Germany’s accountancy watchdog opened an investigation into payments company Wirecard last year after whistleblower allegations of accounting fraud, according to people familiar with the matter.
The news of the probe by the Berlin-based Financial Reporting Enforcement Panel (FREP) comes just weeks after a special audit Wirecard commissioned from KPMG was unable to verify the genuineness of the fintech’s sales and profits from third parties between 2016 and 2018.
Wirecard’s shares have tumbled more than 40 per cent since the findings of the special audit were published.
Wirecard’s supervisory board commissioned the audit after the Financial Times reported whistleblower allegations, which focused on three of the company’s business partners.
Investors have long viewed Wirecard as one of Germany’s few fintech successes, and the group was propelled into the country’s prestigious Dax stock market index in 2018.
Edgar Ernst, the president of FREP, told the FT, that “we are of course analysing the KPMG report very closely and are assessing what it means for us.” He declined to comment on whether a probe had been opened.

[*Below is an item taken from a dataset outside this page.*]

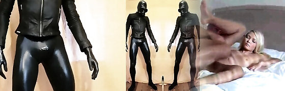 Latex Babe Jerks Off Shiny Plastic Dick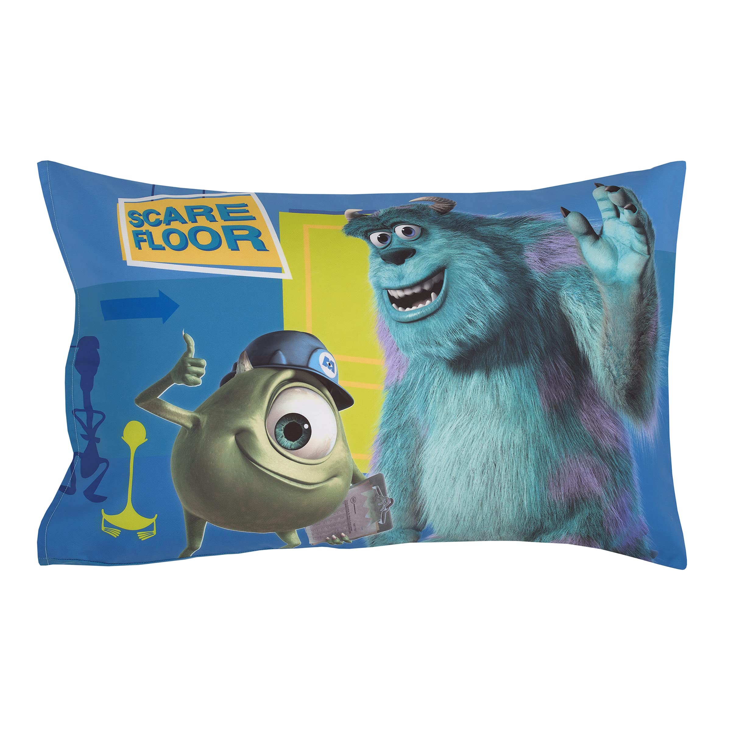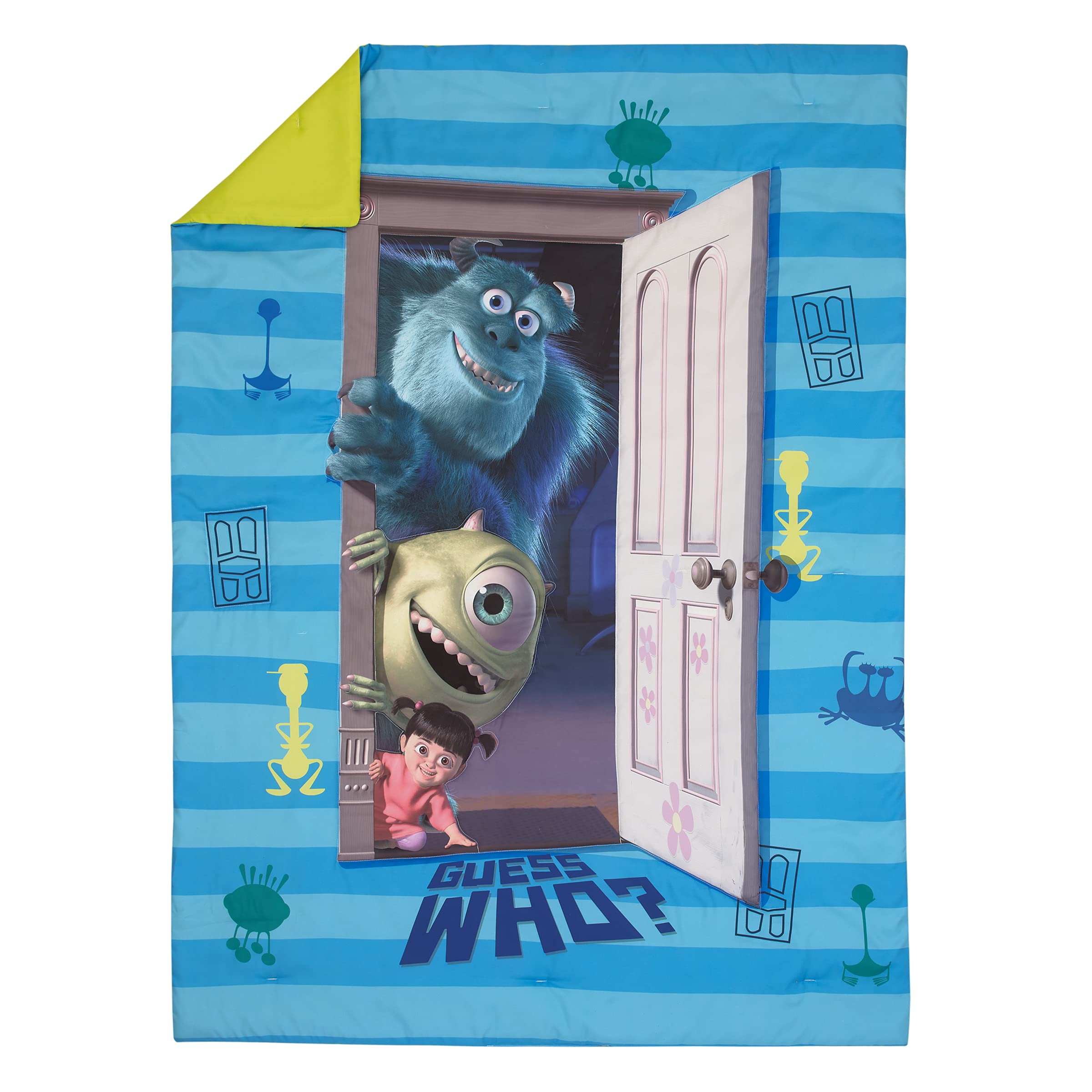 The Monsters Inc. Guess Who 4 Piece Toddler Bed Set includes everything needed for your toddler bed - a comforter, fitted sheet, flat top sheet and pillowcase, all featuring those favorite monsters Mike and Sulley in shades of blue and green. The 57" x 42" printed comforter has Sulley, Mike and Boo peeking out from the closet door on a blue striped background with the words Guess Who on the front. Reverses to a solid green back. The reversible pillowcase measures 20" x 30" and has Mike and Sulley in two different poses on the front and back. Fits a standard size pillow. The set is finished with solid green sheets - one fitted with fully encased elastic on sides for a snug fit, and one flat top sheet. Fits a toddler bed, using a standard size 28" x 52" crib/toddler mattress.

BaFin, the German financial regulator that has the power to order FREP to start investigations, declined to comment.
Last week, Elisabeth Roegele, BaFin’s executive director, told journalists that she thought it was “obvious” FREP would look into allegations against Wirecard.
EY, which has been Wirecard’s auditor for more than a decade, declined to comment.
The Berlin-based accounting watchdog typically investigates about 80 companies a year and has previously found irregularities in about 20 per cent of those cases. In a high-profile ruling in 2018, FREP forced Adidas to book a €475m charge after concluding that the sportswear maker had been too optimistic about the potential of Reebok, which the group bought in 2005.
Hansrudi Lenz, professor for accounting at Würzburg University, said German regulators needed to “prioritise the Wirecard case” because it was draining investors’ confidence. “There’s a lot at stake.”
BaFin is examining Wirecard’s communications to investors about the KPMG report before its findings were released. The fintech group told shareholders that the special audit had found nothing untoward.
Since its publication, Deka Investment, one of Wirecard’s largest shareholders, has called for the dismissal of chief executive Markus Braun. The KPMG report was described by Mr Braun as a “big step forward” for Wirecard, which has promised a fundamental revamp of its compliance and governance.
Last year Singapore police launched a criminal probe of the group’s Asian operations. German regulators also sought to protect Wirecard from speculators, announcing a two-month ban on the short-selling of its stock
The group has said it expects to be exonerated by the Singapore probe, but that some employees in the city-state may face criminal liability.
In a statement, Wirecard said FREP had scrutinised its accounting in the past without finding fault. It declined to comment on the current probe.
Wirecard is suing the FT for alleged infringement of “trade secrets” in its investigative reporting on the company, a claim that the FT denies and is contesting.